Exercise description: In the records below, begin at the line containing "13日は、開催中の「THEド" and end at the line containing "Overall Condition: Some"; quote every line in that span exactly, including both boundary lines, and no others.

Material for this exercise:
++++++++++++++++++++

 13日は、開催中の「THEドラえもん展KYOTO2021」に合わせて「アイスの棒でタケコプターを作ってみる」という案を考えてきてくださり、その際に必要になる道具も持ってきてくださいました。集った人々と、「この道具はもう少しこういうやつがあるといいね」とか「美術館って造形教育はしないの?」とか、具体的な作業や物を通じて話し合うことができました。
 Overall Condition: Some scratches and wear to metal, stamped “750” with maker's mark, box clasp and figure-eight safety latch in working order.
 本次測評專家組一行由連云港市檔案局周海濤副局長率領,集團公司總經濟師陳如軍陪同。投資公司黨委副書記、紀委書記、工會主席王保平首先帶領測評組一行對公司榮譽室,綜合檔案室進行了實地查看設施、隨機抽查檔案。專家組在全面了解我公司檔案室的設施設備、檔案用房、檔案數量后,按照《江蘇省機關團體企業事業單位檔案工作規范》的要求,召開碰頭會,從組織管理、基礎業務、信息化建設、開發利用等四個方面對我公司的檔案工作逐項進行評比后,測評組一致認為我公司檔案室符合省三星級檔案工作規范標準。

++++++++++++++++++++

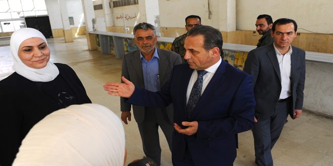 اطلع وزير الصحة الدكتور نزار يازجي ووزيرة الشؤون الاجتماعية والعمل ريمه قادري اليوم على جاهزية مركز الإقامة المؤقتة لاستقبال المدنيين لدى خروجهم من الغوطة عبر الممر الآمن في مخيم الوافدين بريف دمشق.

++++++++++++++++++++

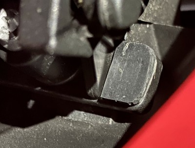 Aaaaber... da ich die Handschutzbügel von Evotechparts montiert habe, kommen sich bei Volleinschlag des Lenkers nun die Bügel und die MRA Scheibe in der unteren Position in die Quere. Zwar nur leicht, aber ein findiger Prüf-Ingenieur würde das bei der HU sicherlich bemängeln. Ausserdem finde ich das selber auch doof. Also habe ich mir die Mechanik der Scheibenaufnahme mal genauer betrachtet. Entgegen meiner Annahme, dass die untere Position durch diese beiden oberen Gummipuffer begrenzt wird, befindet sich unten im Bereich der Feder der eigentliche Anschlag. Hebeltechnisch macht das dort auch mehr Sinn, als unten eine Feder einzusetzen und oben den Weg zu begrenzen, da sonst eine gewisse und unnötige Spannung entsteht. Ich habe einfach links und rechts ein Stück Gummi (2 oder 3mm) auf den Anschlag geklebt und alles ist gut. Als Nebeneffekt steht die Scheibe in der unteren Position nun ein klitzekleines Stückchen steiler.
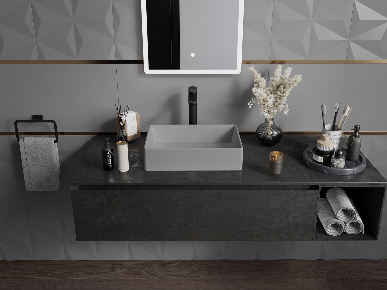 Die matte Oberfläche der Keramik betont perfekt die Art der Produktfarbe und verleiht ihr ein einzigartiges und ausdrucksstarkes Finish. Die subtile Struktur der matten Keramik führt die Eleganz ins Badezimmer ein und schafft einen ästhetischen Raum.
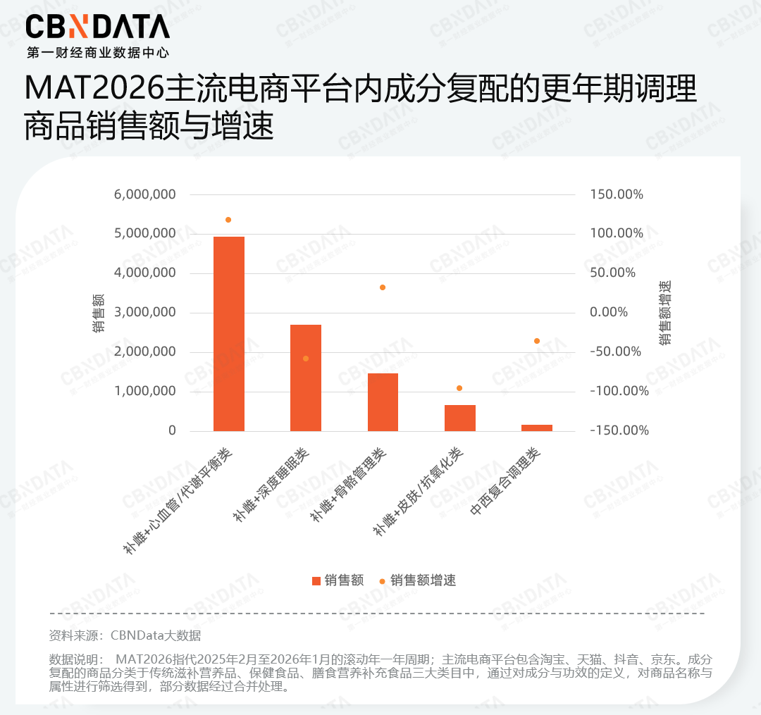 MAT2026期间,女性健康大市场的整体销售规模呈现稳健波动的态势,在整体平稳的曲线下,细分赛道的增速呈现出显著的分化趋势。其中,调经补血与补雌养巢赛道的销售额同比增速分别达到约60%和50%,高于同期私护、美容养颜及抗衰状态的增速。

++++++++++++++++++++

Output of the task:
 13日は、開催中の「THEドラえもん展KYOTO2021」に合わせて「アイスの棒でタケコプターを作ってみる」という案を考えてきてくださり、その際に必要になる道具も持ってきてくださいました。集った人々と、「この道具はもう少しこういうやつがあるといいね」とか「美術館って造形教育はしないの?」とか、具体的な作業や物を通じて話し合うことができました。
 Overall Condition: Some scratches and wear to metal, stamped “750” with maker's mark, box clasp and figure-eight safety latch in working order.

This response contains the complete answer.